Segment Start: Information provided
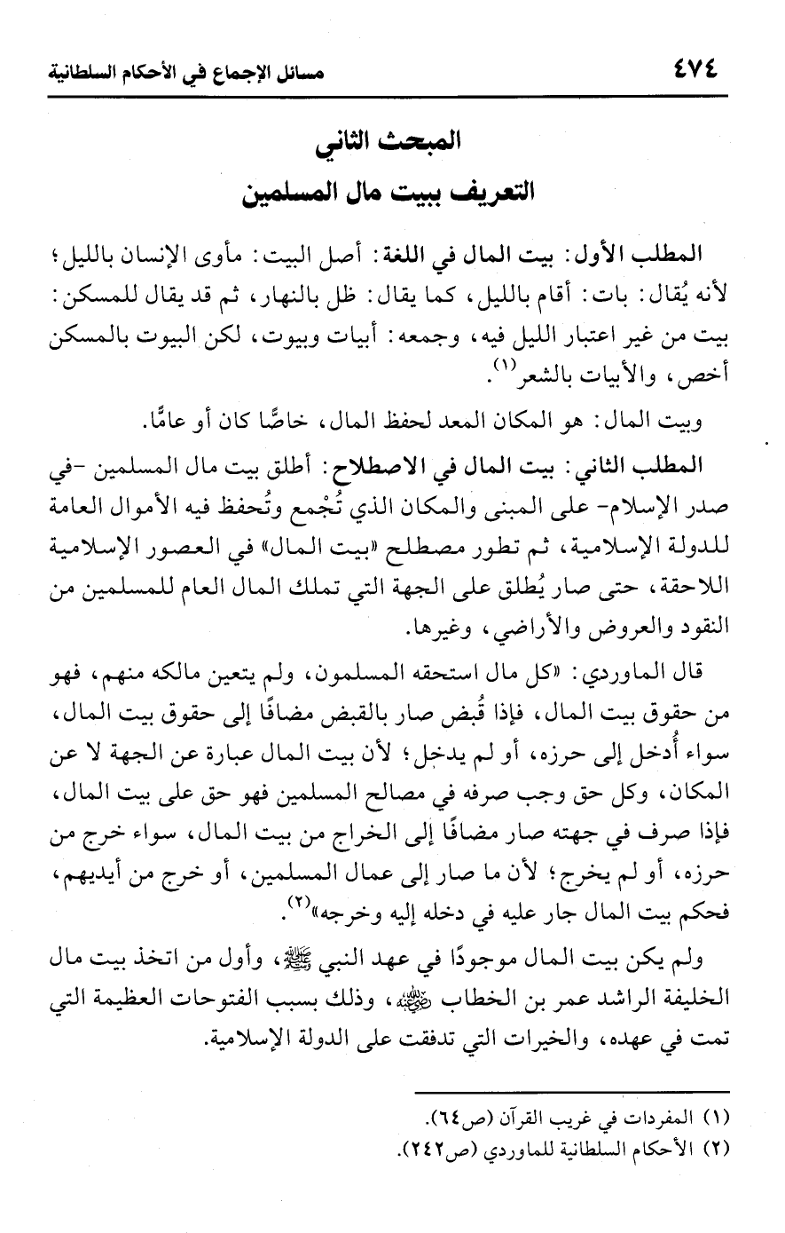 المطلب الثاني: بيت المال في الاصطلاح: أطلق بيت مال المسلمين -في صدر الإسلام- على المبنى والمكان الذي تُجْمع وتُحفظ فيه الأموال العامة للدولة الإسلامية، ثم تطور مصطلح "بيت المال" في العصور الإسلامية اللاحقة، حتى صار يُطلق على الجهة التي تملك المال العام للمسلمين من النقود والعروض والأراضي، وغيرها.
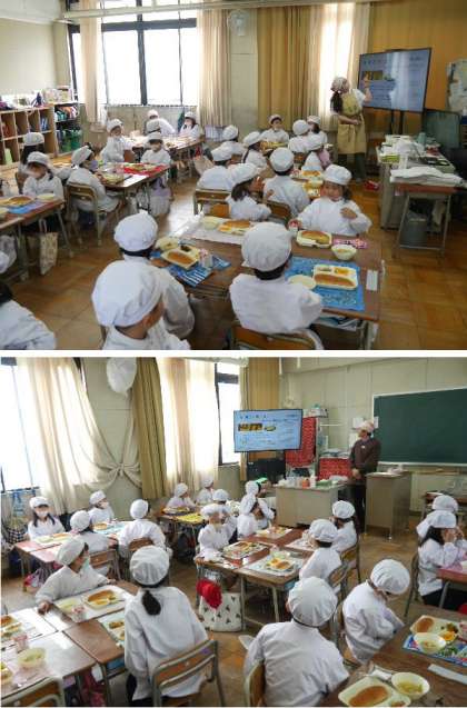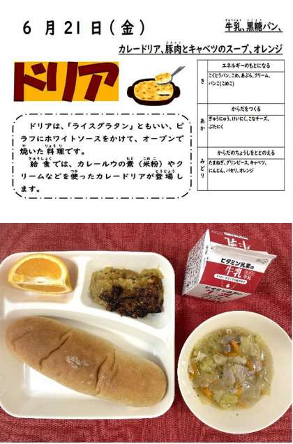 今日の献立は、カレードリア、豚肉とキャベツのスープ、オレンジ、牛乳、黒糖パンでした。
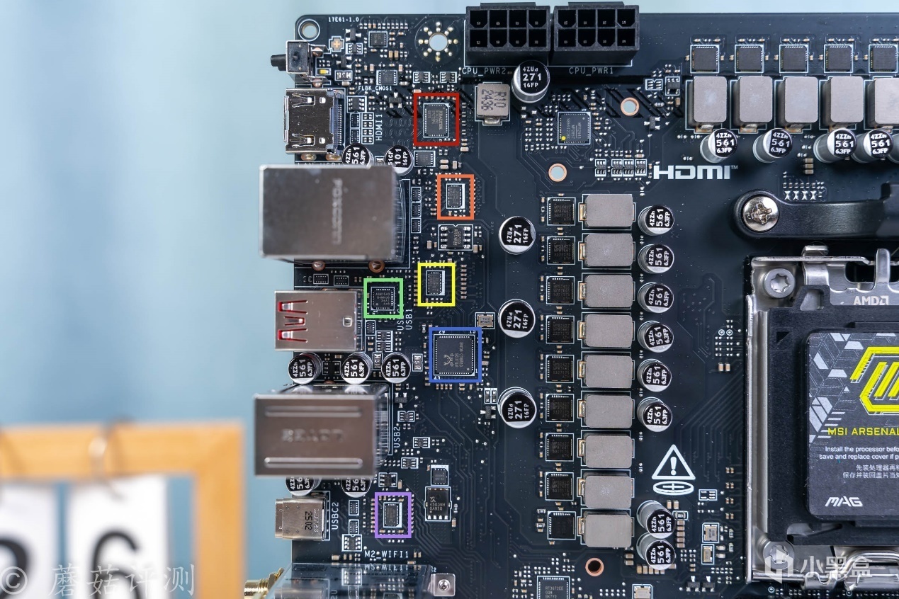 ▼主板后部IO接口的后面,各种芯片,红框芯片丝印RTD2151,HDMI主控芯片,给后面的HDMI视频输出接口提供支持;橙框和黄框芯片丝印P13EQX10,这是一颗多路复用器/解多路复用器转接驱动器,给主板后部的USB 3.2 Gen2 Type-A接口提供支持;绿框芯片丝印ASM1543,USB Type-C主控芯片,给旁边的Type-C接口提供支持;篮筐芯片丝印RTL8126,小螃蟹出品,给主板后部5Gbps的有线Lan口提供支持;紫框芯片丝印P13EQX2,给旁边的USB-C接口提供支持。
Segment End: Information provided
What to work on
Give the data again word for word, without pictures.

Answer to the exercise
 المطلب الثاني: بيت المال في الاصطلاح: أطلق بيت مال المسلمين -في صدر الإسلام- على المبنى والمكان الذي تُجْمع وتُحفظ فيه الأموال العامة للدولة الإسلامية، ثم تطور مصطلح "بيت المال" في العصور الإسلامية اللاحقة، حتى صار يُطلق على الجهة التي تملك المال العام للمسلمين من النقود والعروض والأراضي، وغيرها.
 今日の献立は、カレードリア、豚肉とキャベツのスープ、オレンジ、牛乳、黒糖パンでした。
 ▼主板后部IO接口的后面,各种芯片,红框芯片丝印RTD2151,HDMI主控芯片,给后面的HDMI视频输出接口提供支持;橙框和黄框芯片丝印P13EQX10,这是一颗多路复用器/解多路复用器转接驱动器,给主板后部的USB 3.2 Gen2 Type-A接口提供支持;绿框芯片丝印ASM1543,USB Type-C主控芯片,给旁边的Type-C接口提供支持;篮筐芯片丝印RTL8126,小螃蟹出品,给主板后部5Gbps的有线Lan口提供支持;紫框芯片丝印P13EQX2,给旁边的USB-C接口提供支持。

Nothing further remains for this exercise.